### Source data
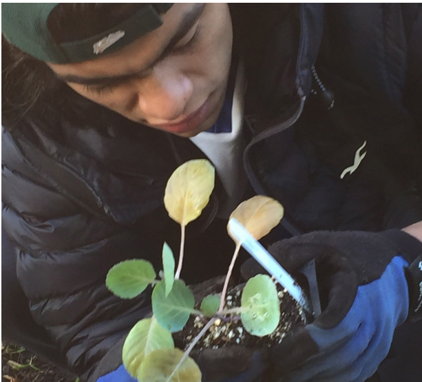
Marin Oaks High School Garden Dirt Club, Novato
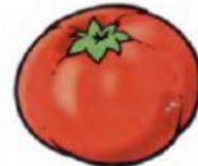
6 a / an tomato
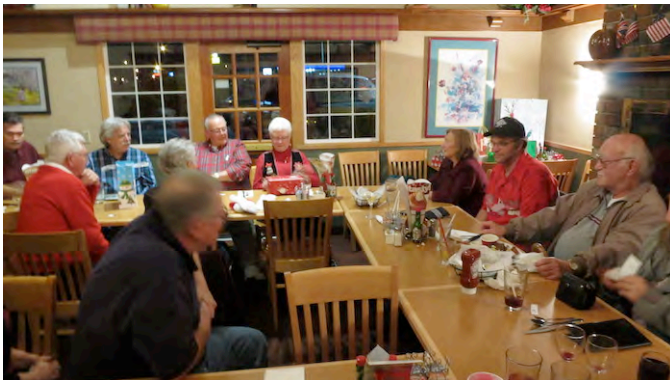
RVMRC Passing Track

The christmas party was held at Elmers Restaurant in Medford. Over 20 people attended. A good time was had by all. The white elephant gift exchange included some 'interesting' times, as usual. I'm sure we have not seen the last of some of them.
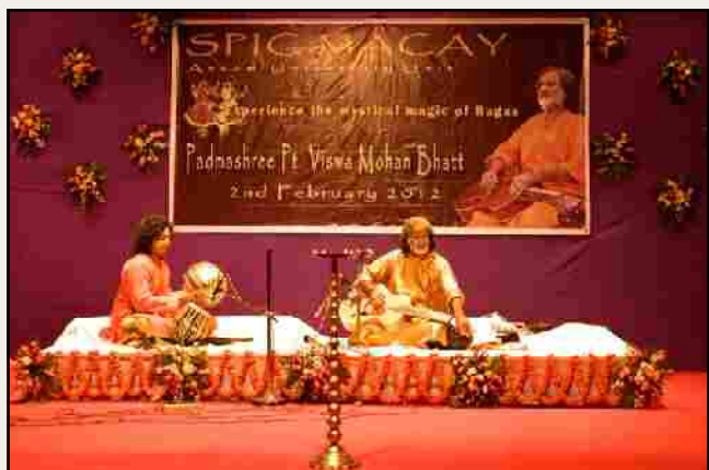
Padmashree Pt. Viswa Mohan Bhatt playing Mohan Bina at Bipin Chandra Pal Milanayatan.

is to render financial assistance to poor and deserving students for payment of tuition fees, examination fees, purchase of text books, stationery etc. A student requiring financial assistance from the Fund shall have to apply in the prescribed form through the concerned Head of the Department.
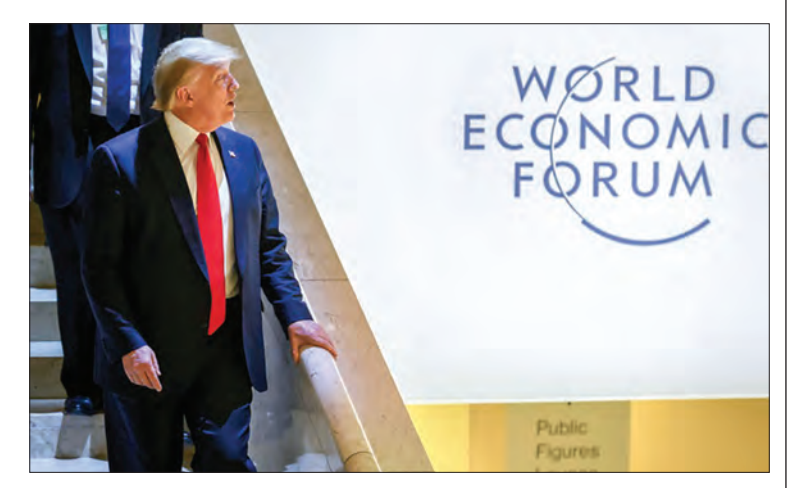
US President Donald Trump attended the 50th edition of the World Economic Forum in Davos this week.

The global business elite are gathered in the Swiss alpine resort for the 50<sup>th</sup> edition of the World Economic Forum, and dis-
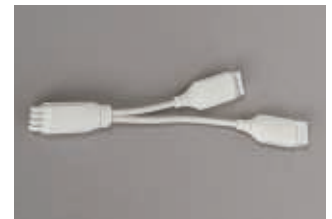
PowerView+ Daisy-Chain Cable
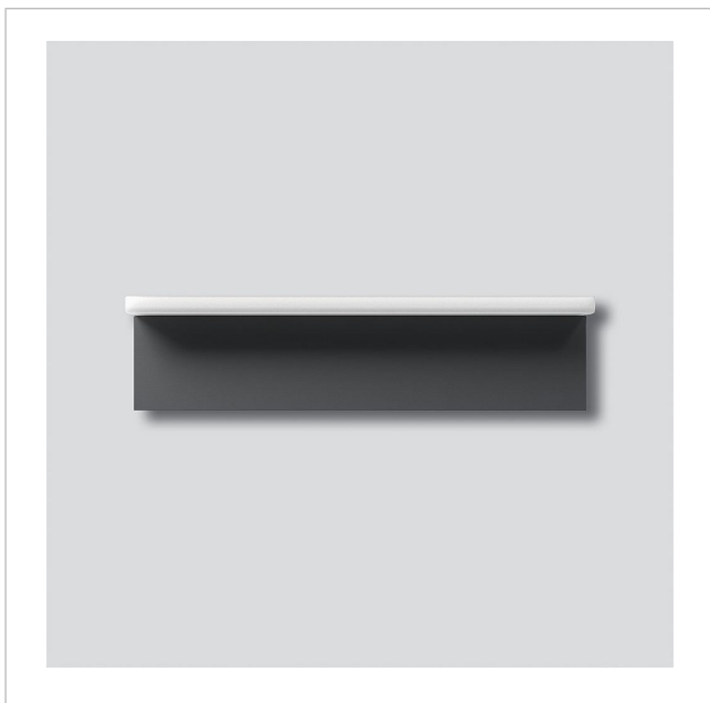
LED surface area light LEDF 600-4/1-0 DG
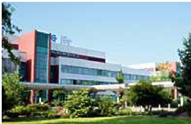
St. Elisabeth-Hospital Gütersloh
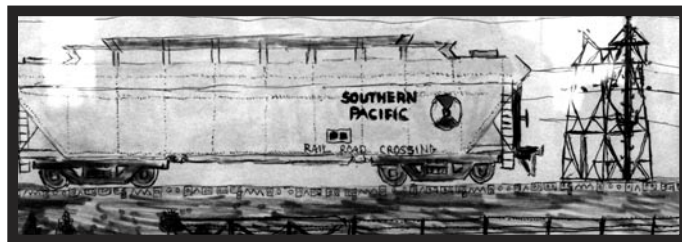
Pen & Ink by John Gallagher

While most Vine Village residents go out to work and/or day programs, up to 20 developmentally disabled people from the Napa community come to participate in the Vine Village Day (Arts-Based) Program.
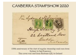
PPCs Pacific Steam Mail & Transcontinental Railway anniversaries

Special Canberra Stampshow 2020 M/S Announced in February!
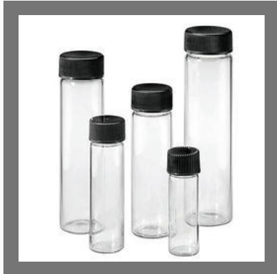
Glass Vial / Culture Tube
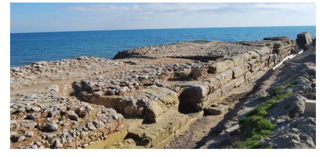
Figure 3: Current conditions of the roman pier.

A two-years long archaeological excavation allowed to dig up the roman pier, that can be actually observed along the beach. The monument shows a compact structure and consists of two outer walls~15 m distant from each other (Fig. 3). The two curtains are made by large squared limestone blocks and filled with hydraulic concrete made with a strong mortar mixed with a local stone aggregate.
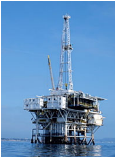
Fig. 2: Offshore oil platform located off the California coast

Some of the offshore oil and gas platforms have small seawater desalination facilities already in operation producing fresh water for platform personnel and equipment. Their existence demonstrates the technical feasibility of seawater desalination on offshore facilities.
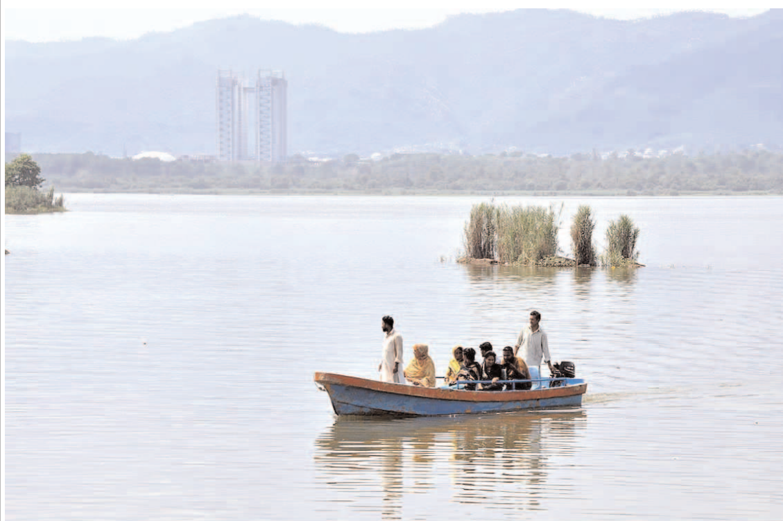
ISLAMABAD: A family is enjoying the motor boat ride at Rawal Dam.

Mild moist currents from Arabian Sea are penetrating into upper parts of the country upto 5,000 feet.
######
### Source data
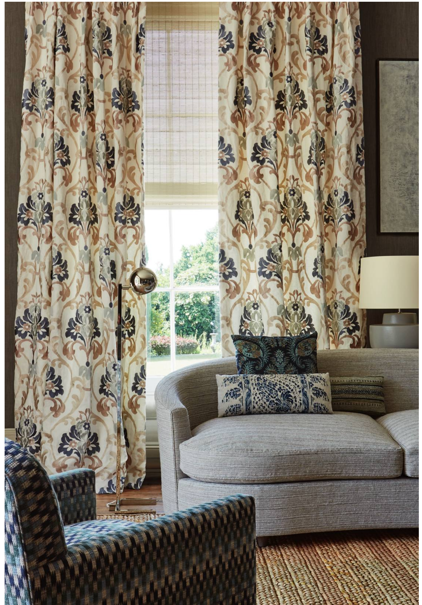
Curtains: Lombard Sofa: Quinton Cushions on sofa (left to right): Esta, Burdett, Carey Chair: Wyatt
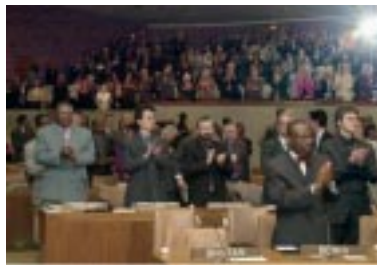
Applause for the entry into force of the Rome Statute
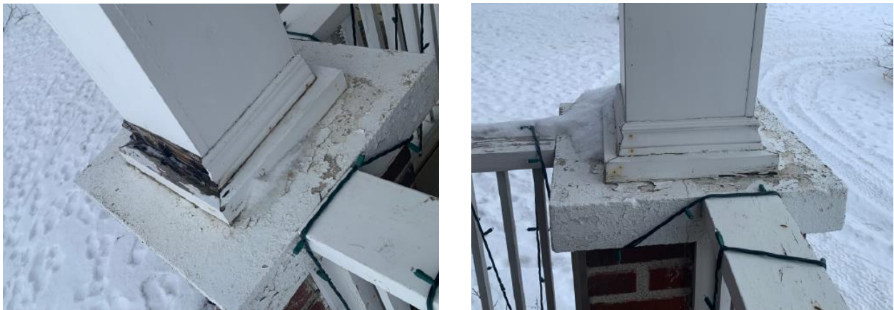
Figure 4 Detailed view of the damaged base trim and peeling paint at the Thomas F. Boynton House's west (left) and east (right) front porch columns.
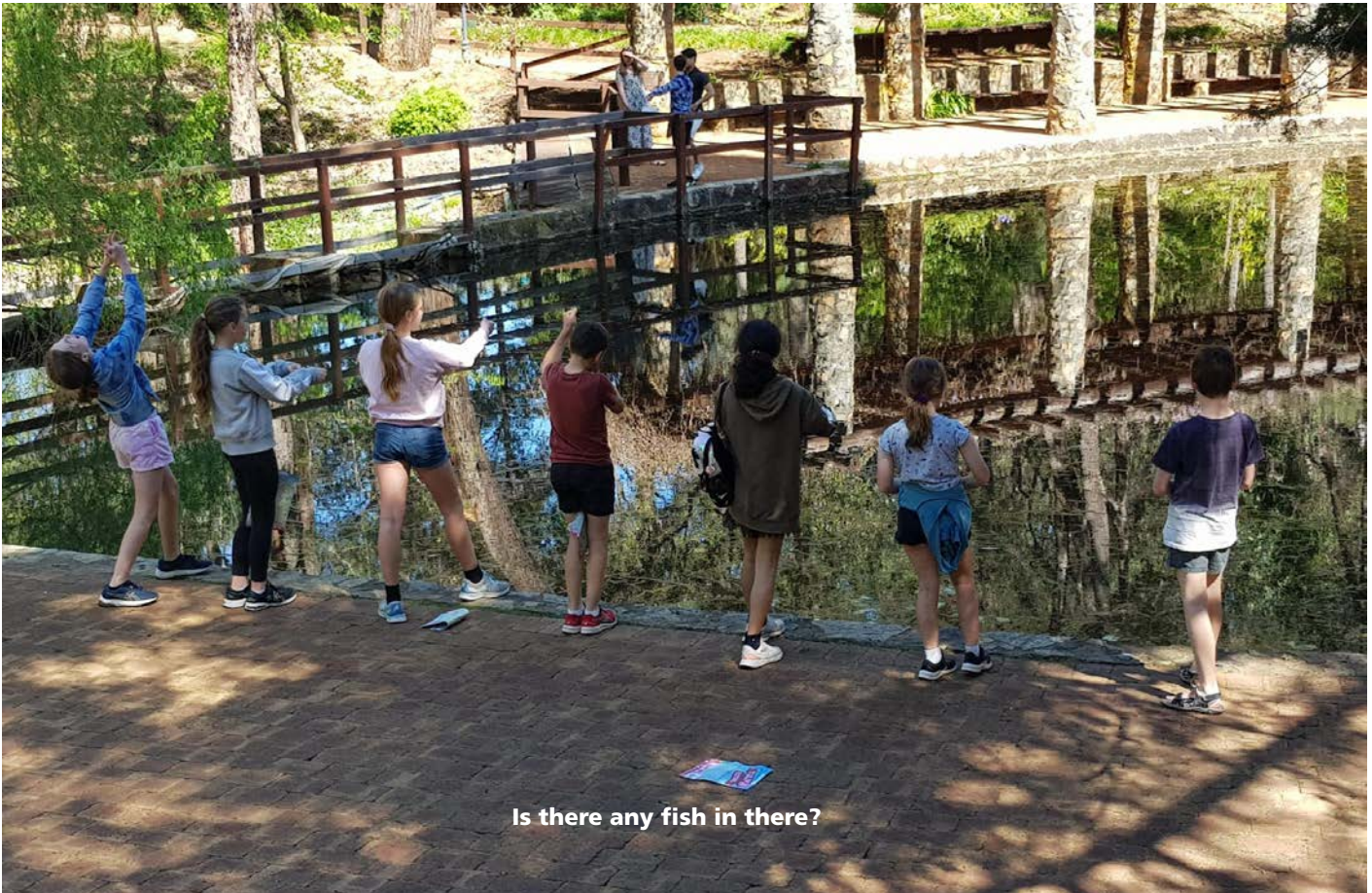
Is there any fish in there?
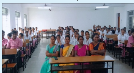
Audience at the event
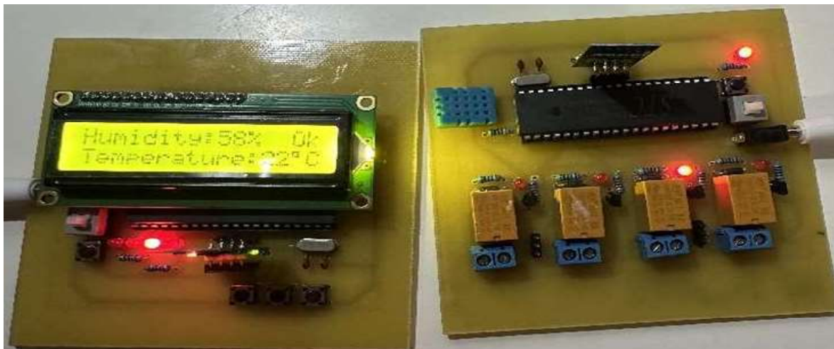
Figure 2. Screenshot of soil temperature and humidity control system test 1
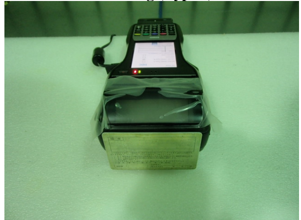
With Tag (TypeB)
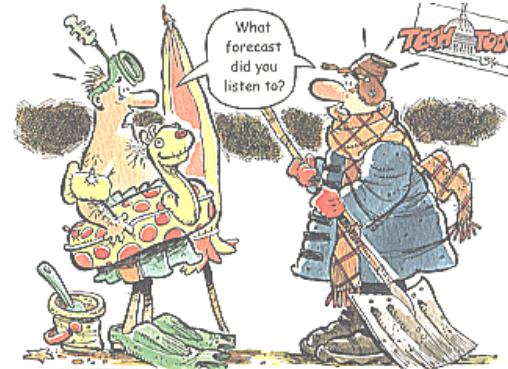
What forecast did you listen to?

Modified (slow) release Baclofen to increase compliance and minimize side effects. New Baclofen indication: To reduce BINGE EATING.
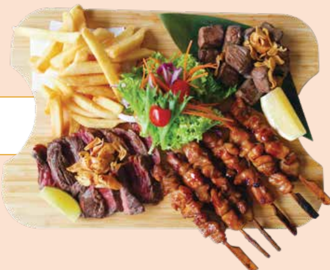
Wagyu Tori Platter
######
### Source data
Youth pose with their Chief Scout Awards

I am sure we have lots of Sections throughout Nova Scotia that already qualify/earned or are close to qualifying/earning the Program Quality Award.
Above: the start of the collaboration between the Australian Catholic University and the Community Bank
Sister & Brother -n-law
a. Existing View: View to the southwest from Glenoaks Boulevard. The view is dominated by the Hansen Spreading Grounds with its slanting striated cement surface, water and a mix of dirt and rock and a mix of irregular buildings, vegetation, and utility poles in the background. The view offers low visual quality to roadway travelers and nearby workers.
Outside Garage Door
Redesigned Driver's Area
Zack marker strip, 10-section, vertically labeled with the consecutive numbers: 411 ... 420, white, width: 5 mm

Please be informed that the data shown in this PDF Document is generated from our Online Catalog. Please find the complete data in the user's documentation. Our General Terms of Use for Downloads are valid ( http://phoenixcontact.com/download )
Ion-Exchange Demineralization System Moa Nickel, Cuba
######
**What the task requires**
Repeat, exactly as they stand above, the lines from the line with "Youth pose with their Chief Scout Awards" to the line with "Ion-Exchange Demineralization System", both lines included.

**Output for this task**
Youth pose with their Chief Scout Awards

I am sure we have lots of Sections throughout Nova Scotia that already qualify/earned or are close to qualifying/earning the Program Quality Award.
Above: the start of the collaboration between the Australian Catholic University and the Community Bank
Sister & Brother -n-law
a. Existing View: View to the southwest from Glenoaks Boulevard. The view is dominated by the Hansen Spreading Grounds with its slanting striated cement surface, water and a mix of dirt and rock and a mix of irregular buildings, vegetation, and utility poles in the background. The view offers low visual quality to roadway travelers and nearby workers.
Outside Garage Door
Redesigned Driver's Area
Zack marker strip, 10-section, vertically labeled with the consecutive numbers: 411 ... 420, white, width: 5 mm

Please be informed that the data shown in this PDF Document is generated from our Online Catalog. Please find the complete data in the user's documentation. Our General Terms of Use for Downloads are valid ( http://phoenixcontact.com/download )
Ion-Exchange Demineralization System Moa Nickel, Cuba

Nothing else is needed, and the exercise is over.